El fuego de la batalla ya no ardía muy brillantemente en el espíritu de este guerrero. De la quietud había nacido la introspección. Eligió analizar sus sentimientos antes que distinguirse por un acto de valentía y devoción. El resultado fue profundamente deprimente. Se cubrió la cara con las manos y lanzó un quejido.
El ronco murmullo de la batalla se hizo más y más nítido hacia la derecha; en verdad, el murmullo se había convertido en un rugido, los latidos en truenos. Los sonidos se habían desplazado oblicuamente hacia el frente; evidentemente estaban rechazando al enemigo, y el momento propicio para avanzar contra el ángulo saliente de su línea llegaría pronto. El silencio y el misterio en el frente resultaban ominosos; todos los sentían un mal presagio para los atacantes.
Detrás de las líneas sonaron los cascos de caballos que galopaban; los hombres se volvieron para mirar. Una docena de oficiales del estado mayor cabalgaban hacia los diversos comandantes de brigada y de regimiento, que habían vuelto a montar. Un momento más tarde, un coro de voces gritaba desordenadamente las mismas palabras: «¡Atención, batallón!» Los hombres se pusieron de pie de un salto y fueron alineados por los comandantes de la compañía. Esperaban la palabra «Adelante». Esperaban, también, con corazones desbocados y dientes apretados, las ráfagas de hierro y plomo que los destruirían en cuanto se movieran para obedecer aquella palabra. La palabra no se daba; la tempestad no estallaba. La demora era horrible, enloquecedora. ¡Exasperaba como una tregua en la guillotina!

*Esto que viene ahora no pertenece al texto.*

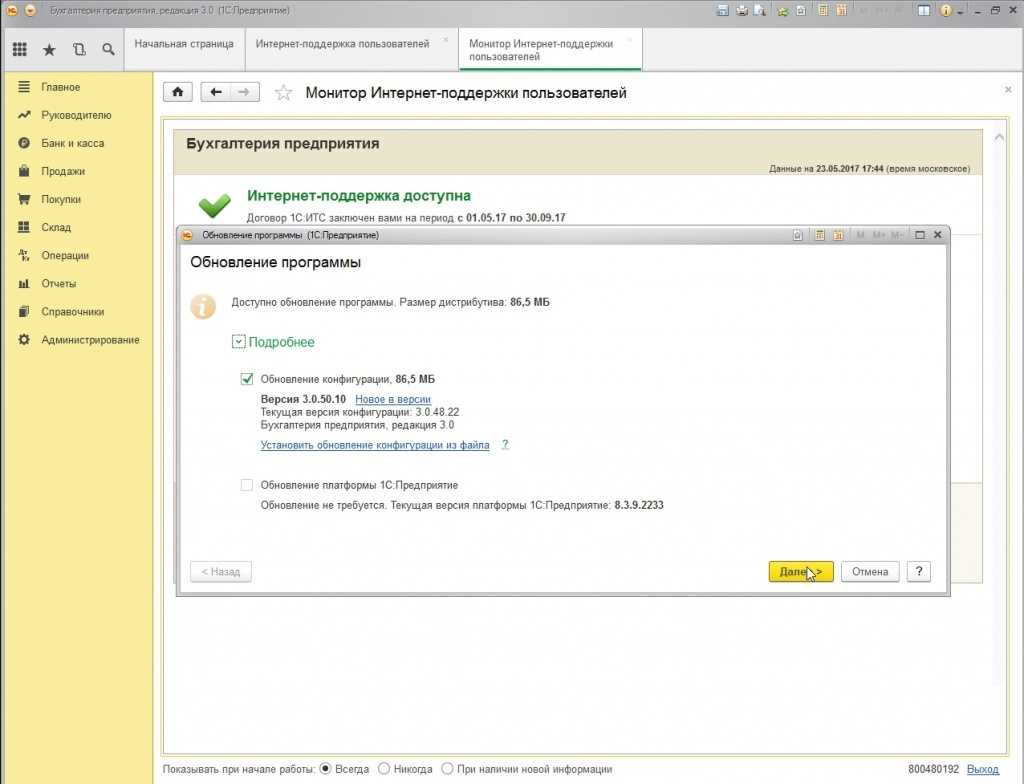Следует учесть, что программа сама по себе не обновляется, поэтому необходимо самому следить за наличием обновлений или обратиться за помощью к нашим профессионалам. Обновление может выполняться для определенной конфигурации программы или самой платформы в целом.

El capitán Graffenreid estaba de pie a la cabeza de su compañía, con el muerto a sus pies. Escuchó la batalla a la derecha: el golpeteo y el estallido de los fusiles, el incesante tronar de los cañones, los gritos interrumpidos de los combatientes. Observó las nubes de humo que se elevaban desde los bosques lejanos. Notó el silencio siniestro del que tenían delante. Estos extremos contrastantes afectaron toda la gama de sus sentidos. La tensión sobre su organización nerviosa fue insoportable. Sentía frío y calor. Jadeaba como un perro y luego olvidaba respirar hasta que el vértigo se lo recordaba.
Repentinamente se tranquilizó mirando hacia el suelo, los ojos se habían posado sobre su espada desnuda mientras la sostenía con la punta hacia la tierra. Pensó que se parecía en algo a la hoja corta y pesada de los antiguos romanos. ¡La imagen estaba cargada de sugerencias malignas, fatales, heroicas!
El sargento que se encontraba parado justo detrás del capitán Graffenreid observó entonces algo extraño. Su atención fue atraída por un movimiento poco común de aquel hombre -un repentino y enérgico lanzar las manos hacia adelante y luego hacia sí mismo, con los codos abiertos, como remando, y vio surgir de entre los omóplatos del capitán una brillante punta de metal que se prolongaba casi medio brazo de longitud: ¡una hoja de espada! Estaba levemente manchada de carmesí, y su punta se acercó tanto y tan rápidamente al pecho del sargento que éste dio un salto atrás, alarmado. En ese momento el capitán Graffenreid cayó pesadamente hacia adelante y murió.
Una semana más tarde, el teniente general que comandaba el cuerpo izquierdo del ejército federal enviaba el siguiente informe: «Tengo el honor de informar, respecto de la acción del 19 próximo pasado, que debido a la retirada del enemigo para reforzar su flanco izquierdo derrotado, mis fuerzas no se vieron acosadas seriamente. Mis bajas fueron las que siguen: muertos, un oficial, un hombre».